That said, as noted in the reviewer’s comments, evaluating a broader range of models and different model sizes would indeed be an interesting avenue for future research. Additionally, given that our dataset is easy to generate, we anticipate that it will be possible to further expand the number of examples to enable more detailed evaluations of models in the future.
Taking these points into account, we believe that this study not only provides sufficient insights into the current SOTA models but also establishes an important foundation for future LLM research.
Effect of tokenization : Given the tasks involve character manipulation, ablation about how different tokenization schemes (e.g., byte-level, subword-level, character-level) impact the models' ability to follow instructions and maintain coherence over long sequences would provide valuable insights into the relationship between input representation and procedural reasoning.
In response to the reviewer’s comment, we conducted additional analysis to examine the impact of different tokenization methods on task accuracy. Specifically, we compared two tasks, "DeleteChar" and "DeleteWord," to explore how tokenization affects tasks with varying granularities of string manipulation.
In the DeleteChar task, characters are sequentially removed from a random string, whereas in the DeleteWord task, words are sequentially removed from sentences extracted from the Wikipedia English corpus. These differences reflect distinct characteristics in how tokenizers handle the input. In DeleteWord, frequent words are often represented as single tokens, while other words span multiple tokens, leading to primarily token-level operations. Conversely, DeleteChar requires fine-grained character-level operations, which, particularly in random strings, often involve more intricate token manipulation and conversions.

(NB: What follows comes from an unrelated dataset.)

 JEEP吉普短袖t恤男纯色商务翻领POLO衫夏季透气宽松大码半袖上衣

Our analysis hypothesized that DeleteChar would be more challenging for models due to its reliance on tokenization-related transformations. However, as shown in our results (Figure 6), there was no significant difference in accuracy between the two tasks across the models. Interestingly, DeleteChar demonstrated slightly higher accuracy, contrary to expectations. This result suggests that factors beyond tokenization, such as the model's internal representations, may play a critical role and warrant further investigation.
While the extent to which tokenization impacts other tasks remains unclear, our findings suggest that its influence may not be as pronounced as initially anticipated. Instead, the nature of the tasks themselves and other considerations, such as task-specific properties, seem to have a greater effect on model performance.

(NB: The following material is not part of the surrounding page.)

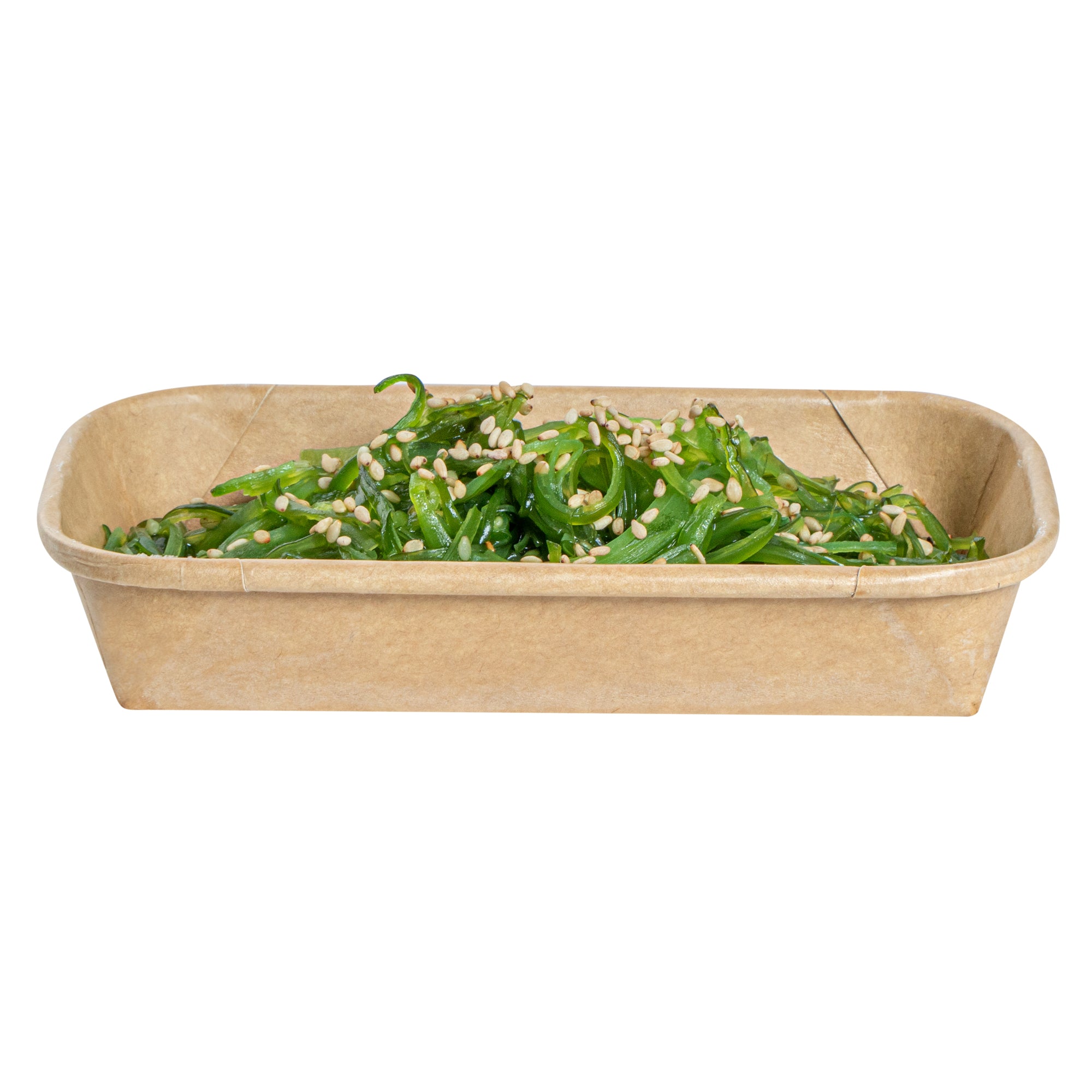 Elevate your food presentation with our Matsuri Vision 5-ounce Rectangle Kraft Paper Sushi Containers. These sushi boxes feature a greaseproof PE coating that prevents sauces and oils from leaking through, ensuring a mess-free dining experience. Pair these to go containers with their coordinating clear plastic lids (SKU: RWA1440C) to create a snug seal, keeping your food intact in transit. These carry out containers are freezer-safe, allowing you to store leftovers in the refrigerator for later use without compromising freshness. Made from durable paper, these take out boxes are ideal for packing a wide variety of cold food items, including sandwiches or salads. Designed with a sturdy base, these paper take out boxes hold your handcrafted sushi, ensuring safe and convenient transport. These takeaway boxes are disposable and can be discarded after use, ensuring post-meal cleanup is a breeze. The kraft finish of these rectangle take out containers adds a natural and rustic charm, perfect for showcasing your delicious food offerings. To help minimize your carbon footprint, these sushi containers are recyclable and offer a better alternative to traditional plastic containers. Measuring 5.5 inches in length by 3.25 inches in width by 1 inch in height these take out containers have a capacity of 5 ounces and offer ample space for sushi rolls. Sold in a 100 count box. Lids are available and sold separately.

Lack of Novelty : [1], [2] already demonstrate LLM's accuracy declines as, planning depth of procedurally generated problems increases. Paper doesn't propose any new technique that can improve/augment the instruction following capabilities.

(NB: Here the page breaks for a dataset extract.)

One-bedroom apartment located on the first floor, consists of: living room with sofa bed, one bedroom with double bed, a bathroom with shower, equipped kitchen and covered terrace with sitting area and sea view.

Thank you for your comments. While we acknowledge that benchmarks such as PlanBench evaluate planning abilities through multi-step tasks, ProcBench focuses on a fundamentally different aspect of reasoning.
Focus on Execution Rather Than Planning
PlanBench evaluates a model's ability to generate plans for achieving a given goal. By its nature, it emphasizes planning capabilities. In contrast, ProcBench assumes that the plan (template) is already fixed and evaluates whether the model can faithfully follow the given plan and execute the steps correctly. This distinction is significant, as planning and faithfully executing a plan are distinct skills requiring different cognitive processes.
For instance, designing a recipe and following the recipe as written are clearly different capabilities. ProcBench focuses on the latter—whether a model can execute a pre-determined plan accurately and consistently.
Complementary, Not Redundant
ProcBench and PlanBench may appear similar at first glance, but they are fundamentally complementary. While PlanBench evaluates plan generation, ProcBench assesses the ability to faithfully execute a given plan. This difference is also critical for understanding the diversity of human reasoning. Reasoning encompasses various forms, and categorizing and analyzing these forms are essential for advancing LLMs and AI systems in general.
Evaluating complex tasks that require comprehensive reasoning is undoubtedly important. However, focusing on specific reasoning abilities is equally critical. Benchmarks such as PlanBench and ProcBench aim to measure distinct components of reasoning in isolation. This approach enables detailed feedback for model improvements and the design of new tasks.
That said, we do not consider ProcBench sufficient on its own. Robust evaluation requires combining diverse tasks. To this end, ProcBench includes 23 types of tasks, but we anticipate further expansion of benchmarks and the development of new methods to evaluate reasoning in finer detail.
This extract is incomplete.